Naheliegender scheint ja erst einmal die Frage, ob man vom Rollstuhl aus Terrorismus wirksam bekämpfen kann, denn immerhin ist der amtierende Innenminister ein Rollstuhlfahrer. Inwiefern nun die Maßnahmen, die er anstrengt, die erhofften Wirkungen erzielen, oder ob sie im Gegenteil Terrorismus erst fördern, bzw. herausfordern, kann nicht eindeutig beantwortet werden. Eins scheint aber auf der Hand zu liegen: Das eine (die Wirkung der Maßnahmen) hat mit dem anderen (dem Rollstuhl) nichts zu tun.
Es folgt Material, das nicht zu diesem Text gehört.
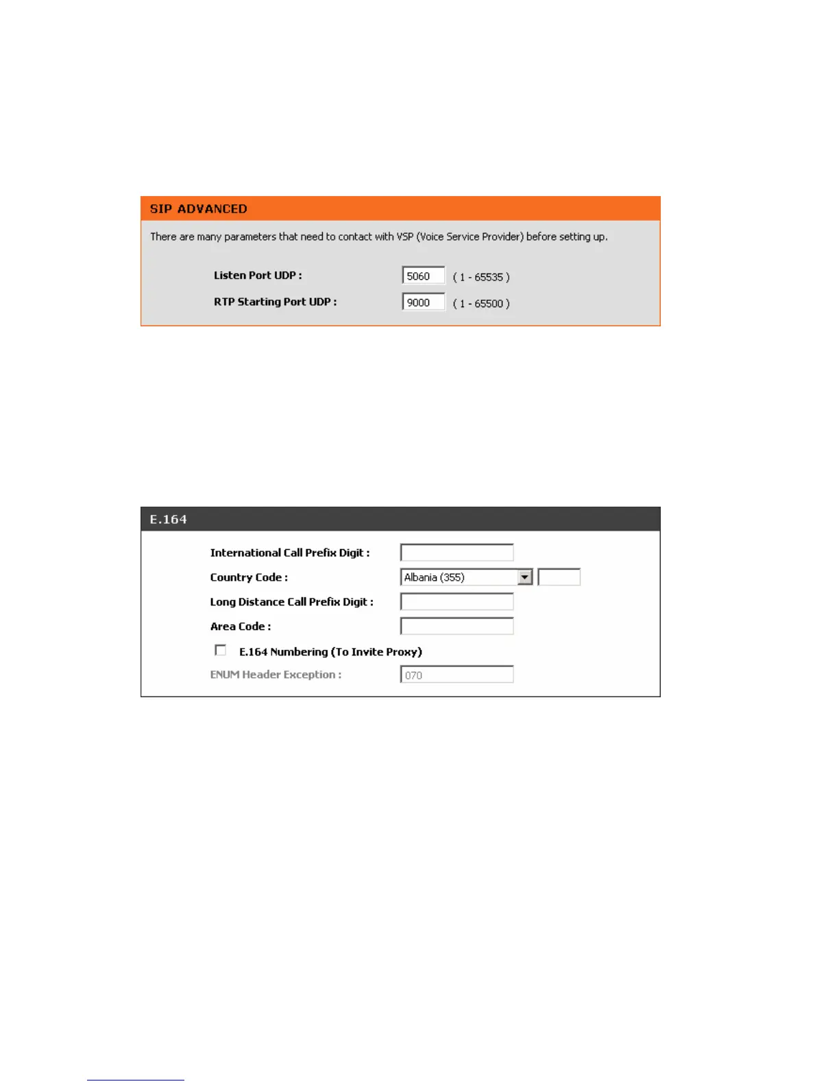 Note: E.164 Numbering depends on the proxy. If you fail to make a call, please contact your VoIP Service

Oder doch? Der Verfasser dieser Zeilen fragte Schäuble irgendwann am Ende des letzten Jahrtausends auf einer Wahlkampfveranstaltung, warum er trotz seiner einflusseichen Stellung so gar nichts im behindertenpolitischen Bereich unternähme. Er antwortete, dass er dann als Betroffener ja immer den schalen Eindruck erwecken würde, er würde stark eigennützig handeln. So gesehen dürften dann auch Frauen keine Frauenpolitik betreiben und vor allem dürften Mitglieder von Aufsichtsräten und Vorständen keine Wirtschaftspolitik machen. Ein interessanter Aspekt! Doch warum wird das erzählt? Weil auf der Hand zu liegen scheint, dass unser Innenminister doch stark eigennützig handelt. Sind die unverhältnismäßigen Abwehrbestrebungen nicht aus seiner Betroffenheit als Anschlagsopfer zu erklären? Bewältigt er nicht damit eher sein Trauma, als der öffentlichen Sicherheit zu dienen? Doch wahrscheinlich sind solche Spekulationen müßig. Immerhin war er schon zu Zeiten, als er noch nicht im Rollstuhl saß, ein Politiker, der Ruhe, Ordnung und Sicherheit höher schätzte als die Freiheit.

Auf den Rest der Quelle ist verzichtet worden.